Sadly, I’ve had more bad days than good days lately because I’m choosing to only listen to the negativity and rejection.
I’m quick to say we can’t accomplish anything truly significant without getting outside our comfort zones. I have made life-altering decision after life-altering decision in the past couple years, hoping to get out of my rut and become a better woman despite the tough times. I truly want to be better.
But if I’m being real, deep down I also selfishly want to matter as a writer. I struggle with the pressure to write what publishers say people allegedly want to read. What I’ve written about in Agent Innocent is the tough life lessons I took away from my time as a female Secret Service agent.
Maybe it’s egotistical to think my life is worth reading about. Who cares, really?
I’ve written a book that does not paint me in a very positive light, and I paid dearly for the lifestyle choices I made in early adulthood. I set out to write the hard “stuff” because, even though my story is uniquely my own, I hope it prompts others to evaluate their own lives and maybe recognize certain aspects that need adjustments. Self-protection, in my case, had to trump the Secret Service’s protective mission when everything around me fell apart. I couldn’t stay or I’d continue to self-destruct.
Isn’t that a better message than a scandalous tell-all?
All this being said (or written), I’m making the difficult choice to self-publish Agent Innocent.
I’ve gone back and forth with this choice, wondering if I’m giving up by doing so or if I’m actually refusing to silence myself because I’m not scandalous enough for a big-time publishing house. Outside of pitching this book, the response to Agent Innocent and my message has been mostly positive.
I know I needed to write Agent Innocent even if no one ever reads it. Maybe that’s what makes it better. It’s raw, real, and uncensored. It doesn’t have to be a tell-all about a shady politician to be relevant. I know this deep down. I’m having a hard time getting it to sink in some days.
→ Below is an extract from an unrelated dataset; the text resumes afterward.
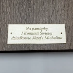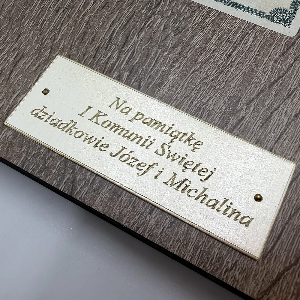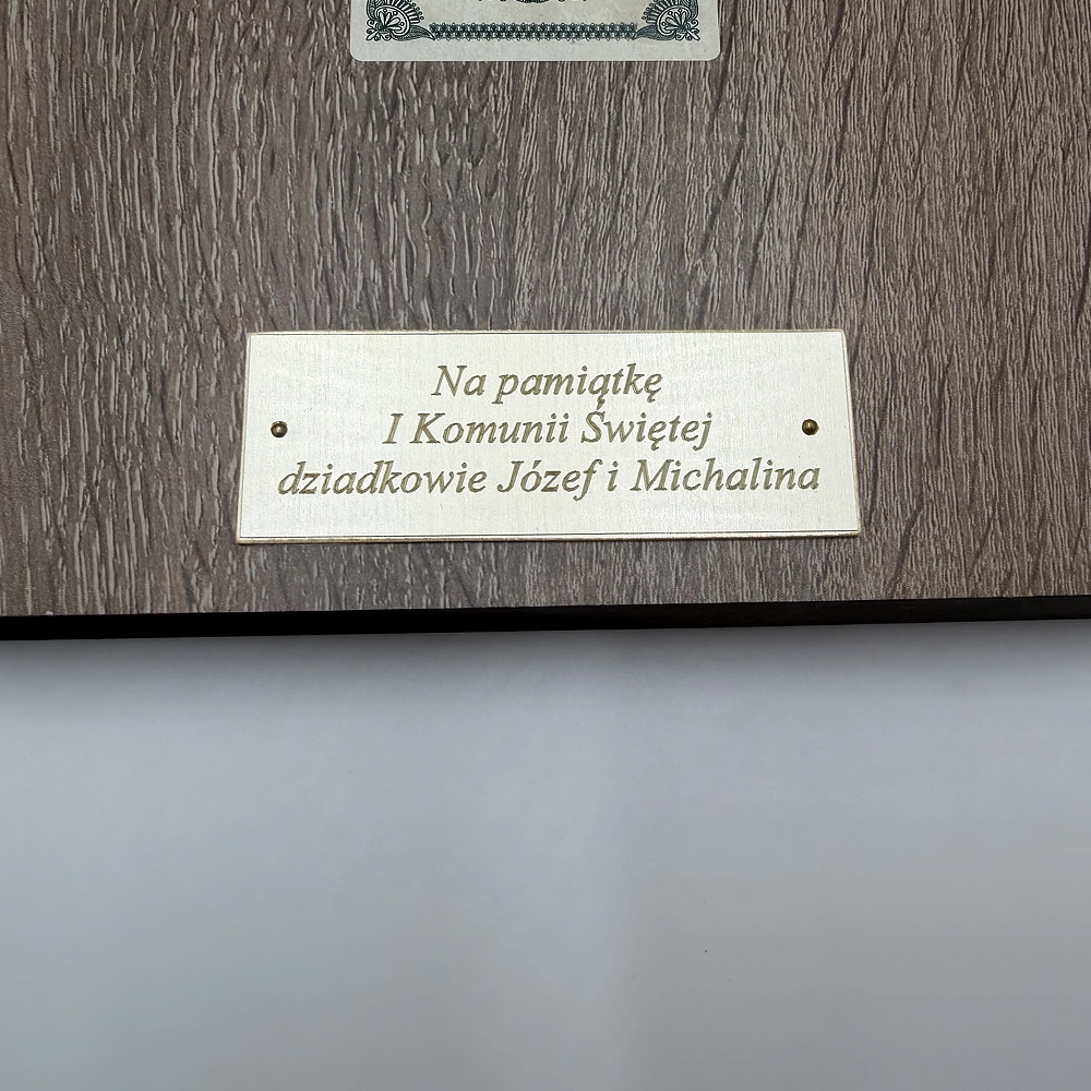 Oferujemy możliwość wykonania personalizowanego graweru na eleganckiej, posrebrzanej tabliczce, który stanowi doskonałe uzupełnienie ikony, obrazu lub ryngrafu (w przypadku ryngrafu, grawer wykonywany jest bezpośrednio na odwrocie ryngrafu). To wyjątkowy sposób, aby nadać przedmiotowi indywidualny charakter i uczynić go niepowtarzalną pamiątką na długie lata.

If all goes well, Agent Innocent will be published by the end of 2019. I will post updates about pre-orders, etc. if/when that information is available.
In the meantime, I’m continuing to work on myself, my attitude, and trying to find ways to be excited about the future rather than continue to only see the negative. It’s time for me to refocus on what really matters, and I’ve found myself getting away from that lately.
Thank you to everyone who has loved and supported me despite those times when my self-absorbed defeatism has overpowered my abilities to be a good friend and family member. I truly have an enviable support system. I hope you all know how much I love you.